Lead Software Machine Learning Engineer – Anomaly Detection
Job location
United States – Remote
Type
Full Time
Responsibilities:
You will have the chance to work closely with data scientists and engineers to bring innovative ideas to fruition on top of multiple cloud vendors.
You will be expected to embrace engineering best practices in design and coding, and you will be responsible for data pipelines and tools that enable data analysis on a large scale.
You will collaborate with engineering teams across the organization to integrate machine learning capabilities into various products.
Lead a team of engineers in the design, development, and deployment of anomaly solutions.
Develop novel machine learning and statistical algorithms for anomaly detection that can handle large volumes of data and identify complex patterns.
Design and implement scalable architectures for anomaly detection systems that can integrate with existing infrastructure.
Collaborate with data scientists to analyze large datasets and identify potential anomalies, trends, and correlations.
Train and validate machine learning models using large datasets and evaluate their performance on detecting anomalies.
Deploy and maintain anomaly detection systems in production environments, ensuring high availability and low latency.
Mentor junior engineers and provide technical guidance on anomaly detection solutions.
Stay up-to-date with the latest research and advancements in anomaly detection and apply this knowledge to develop innovative solutions
Requirements & Skills:
Experience: 5+ years of experience in anomaly detection, machine learning, or data science.

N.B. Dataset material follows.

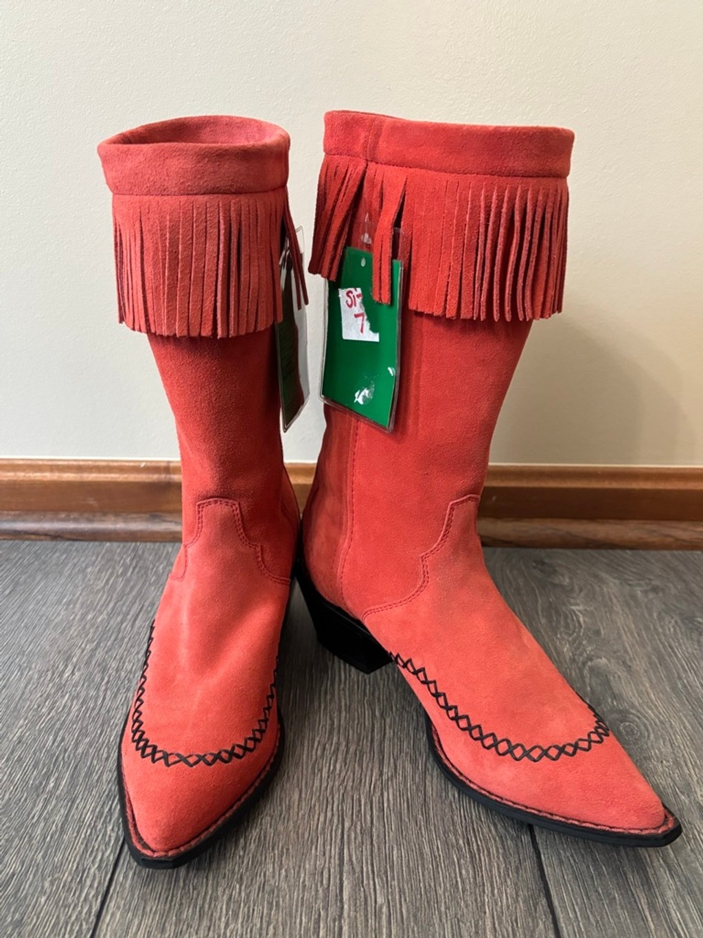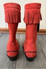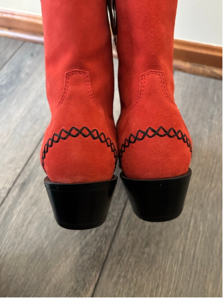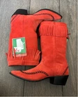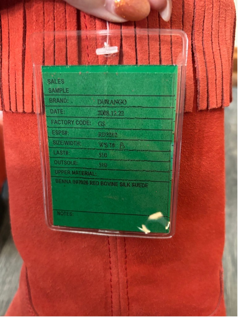 Gorgeous Durango red suede fringe cowboy boots, women’s size 7. These are a sample pair in a rare red color with beautiful embroidered stitching and full-suede fringe. Eye-catching, unique, and perfect for concerts, rodeo, festivals, line dancing, or western styling. Details: • Women’s Size 7 • Sample pair (hard to find) • Red genuine suede • Fringe shaft • Snip toe • Western stitching detail • Comfortable stacked heel • NWT, No box, Excellent condition Why you’ll love them: This color + fringe combo almost never shows up secondhand, and sample Durangos are highly collectible. The suede is soft, the color pops, and they look incredible styled with denim, skirts, or dresses. Ships fast from a smoke-free home. durango boots, western boots, cowboy boots, fringe boots, red suede boots, rodeo boots, women’s western, festival boots, snip toe boots, size 7 boots, rare color boots, sample boots

Proficiency in programming languages such as Python, R, Java, or Julia.
Experience with machine learning frameworks.
Knowledge of statistical modeling and hypothesis testing.
Familiarity with cloud-based technologies such as AWS, Azure, or Google Cloud.
Familiarity with working with distributed systems and building systems for scale.
Experience with data storage technologies, such as SQL databases, NoSQL databases, and data lakes
Bachelor’s Master’s or Ph.D. degree in Computer Science, Engineering, Statistics, or a related field.
Proven experience in leading teams and mentoring junior engineers.
Strong communication and collaboration skills.
Ability to work independently and make technical decisions.